*** Opening Record set ***

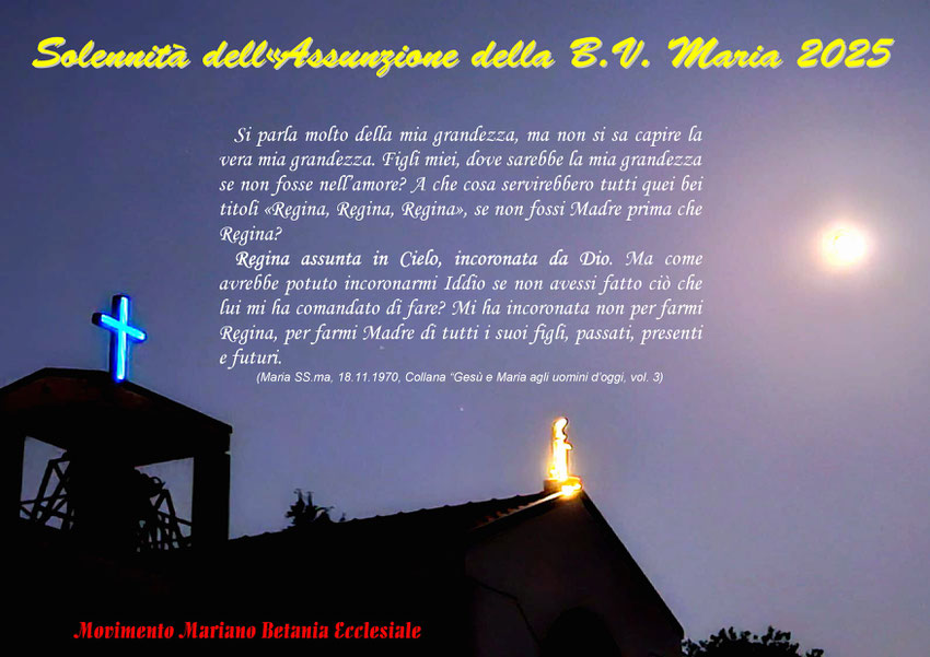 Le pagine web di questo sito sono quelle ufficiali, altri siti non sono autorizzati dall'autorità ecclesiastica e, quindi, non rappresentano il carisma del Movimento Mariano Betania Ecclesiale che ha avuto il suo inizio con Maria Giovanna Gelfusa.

*** Closing Record set ***
*** Opening Record set ***

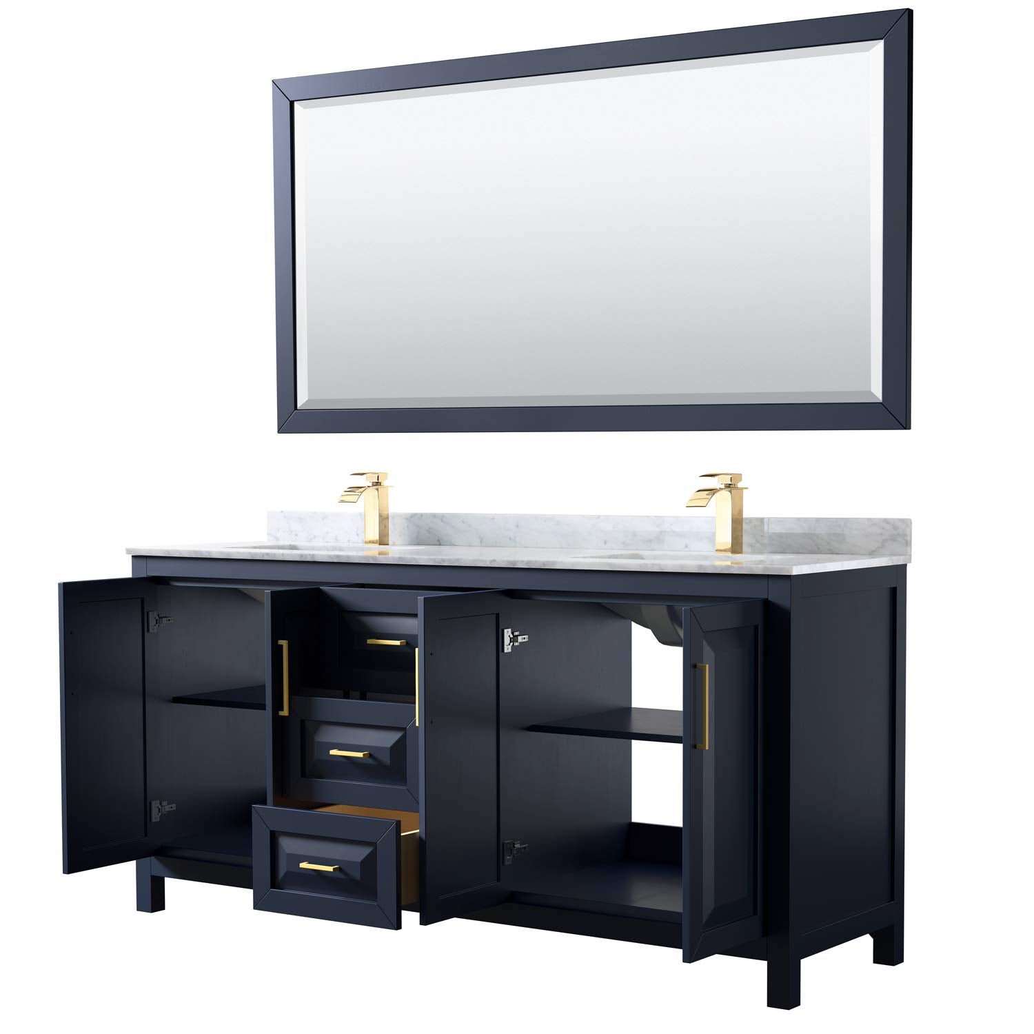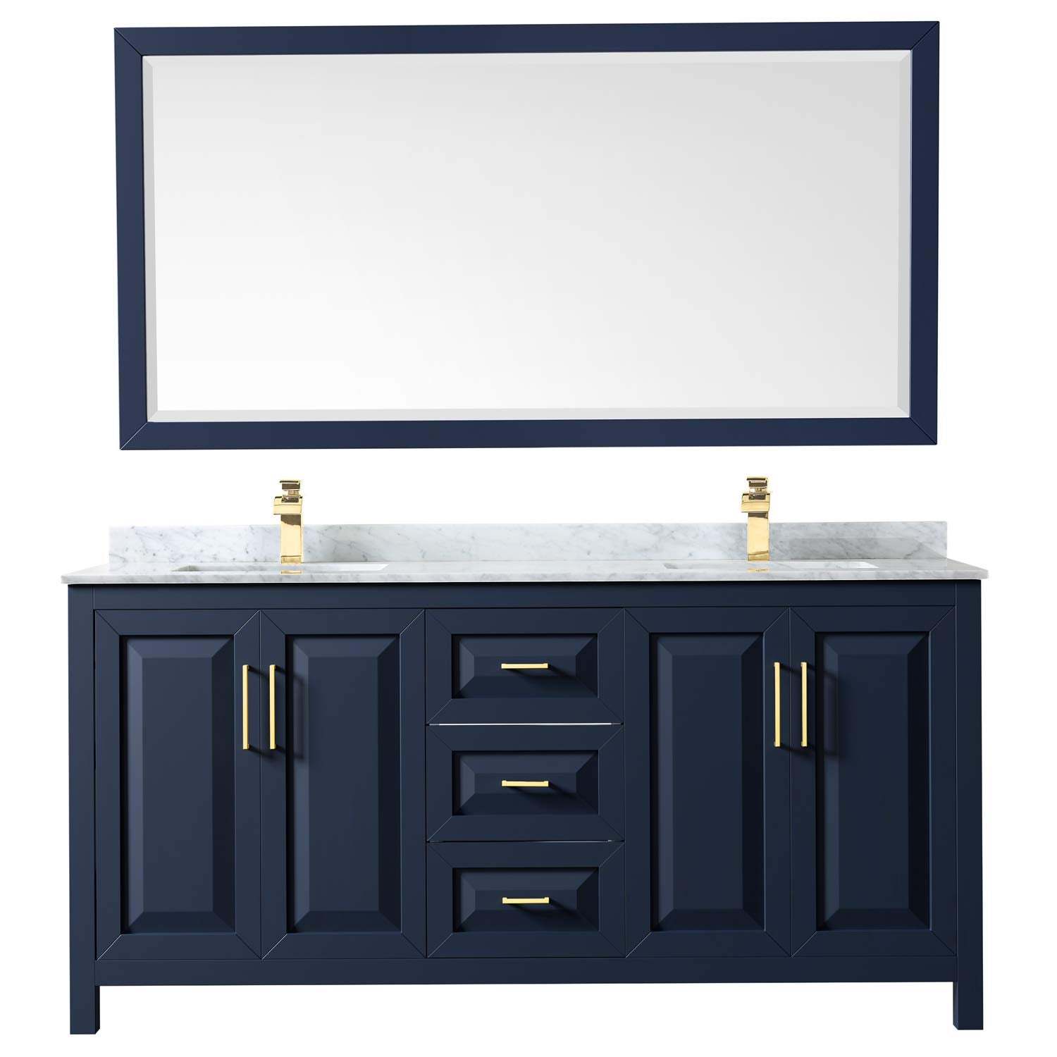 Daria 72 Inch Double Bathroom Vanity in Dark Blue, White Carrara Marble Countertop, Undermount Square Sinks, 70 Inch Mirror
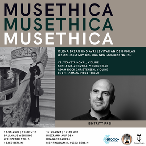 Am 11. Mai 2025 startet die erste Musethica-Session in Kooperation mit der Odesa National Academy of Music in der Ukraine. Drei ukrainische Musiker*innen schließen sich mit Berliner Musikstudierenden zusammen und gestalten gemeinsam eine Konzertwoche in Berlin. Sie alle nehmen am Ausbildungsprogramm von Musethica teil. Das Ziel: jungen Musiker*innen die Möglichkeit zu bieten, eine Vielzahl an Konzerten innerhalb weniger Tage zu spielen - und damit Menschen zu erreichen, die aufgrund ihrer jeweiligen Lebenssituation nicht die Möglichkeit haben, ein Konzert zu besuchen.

*** Closing Record set ***
*** Opening Record set ***

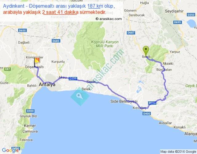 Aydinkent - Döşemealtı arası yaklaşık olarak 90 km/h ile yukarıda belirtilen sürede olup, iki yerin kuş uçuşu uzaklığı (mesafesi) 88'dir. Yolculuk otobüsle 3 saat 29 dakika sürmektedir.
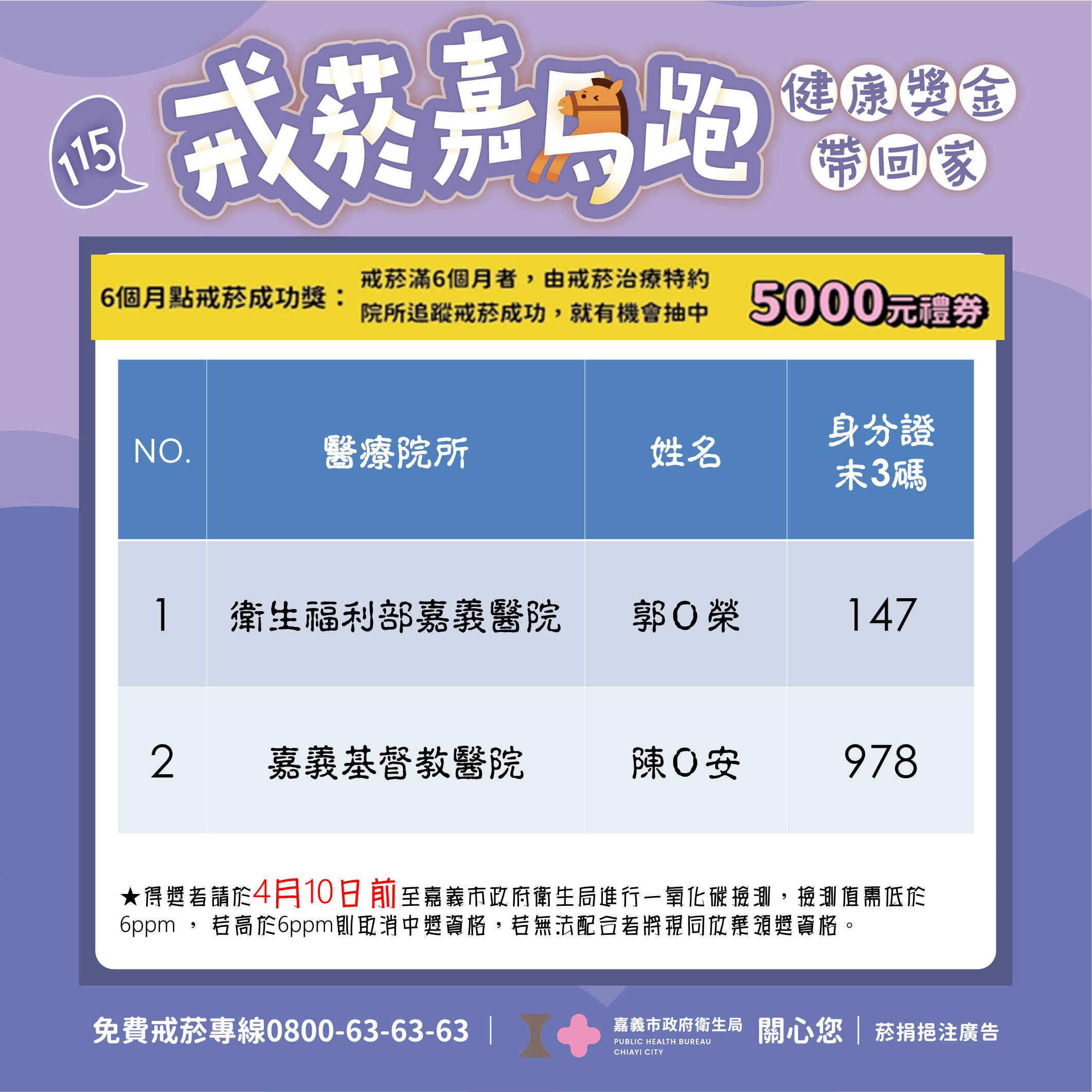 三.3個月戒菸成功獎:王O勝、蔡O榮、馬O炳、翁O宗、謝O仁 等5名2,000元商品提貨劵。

*** Closing Record set ***

→ Your goal
Starting at the line above with "Aydinkent - Döşemealtı", output every line exactly up to and including the line with "三.3個月戒菸成功獎:王O勝", but none of the pictures.

→ Solution
 Aydinkent - Döşemealtı arası yaklaşık olarak 90 km/h ile yukarıda belirtilen sürede olup, iki yerin kuş uçuşu uzaklığı (mesafesi) 88'dir. Yolculuk otobüsle 3 saat 29 dakika sürmektedir.
 三.3個月戒菸成功獎:王O勝、蔡O榮、馬O炳、翁O宗、謝O仁 等5名2,000元商品提貨劵。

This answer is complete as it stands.